On Tue, Feb 15, 2011 at 6:39 PM, Matt Baluyos <[email protected]> wrote:
> Hmm... Interesting subject (and we've haven't anything interesting in
> this list for a while, LOL).

indeed, parallel assignment isn't a basic feature :)

> It's a cool feature, but any developer who uses this feature on a
> real-world project will probably get an earful from me for sacrificing
> maintainability/readability for the sake of coolness. I can only
> imagine how many keystrokes you'd waste trying to edit a variable
> that's in the middle of an enumerated list - not too mention the bugs
> you might introduce because you missed which variable is on which
> value (Nalibat ug tan-aw bah, LOL)

the emphasis should be on the *assignment* ;ie, the lvalues being
individually mapped from a supposed array/collection-like list..

another example, if i may:

let's say i have an array a

  a=["botp", "x", "1000", "1000", "botp,,,", "/disk2_2/home/botp", "/bin/bash"]

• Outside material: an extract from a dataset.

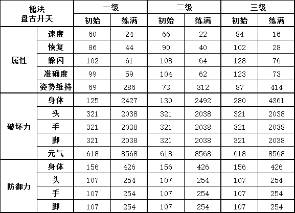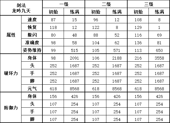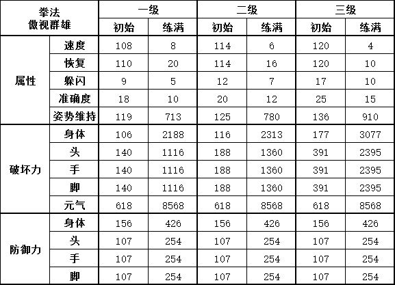拳法--傲视群雄,剑法--龙吟九天,刀法--傲寒六诀,枪法--大漠孤烟,槌法--盘古开天

and i want to assign the 1st element to name, 3rd elem to userid,
2nd-to-last-element to home, and last element to shell

then using parallel assignment, just do

  name, _, userid, *_ , home, shell = a

instead of the usual

  name = a[0]
  userid = a[2]
  home = a[-2]
  shell = a[-1]

note here i'm already using the negative indexes feature to access
elements from behind


> On a similar note, I do lurv using the ternary operator in PHP [1] -
> but that's because I'm too lazy to write a whole if-else block when I
> can do it with one line. It also makes me look cool sa mga newbies.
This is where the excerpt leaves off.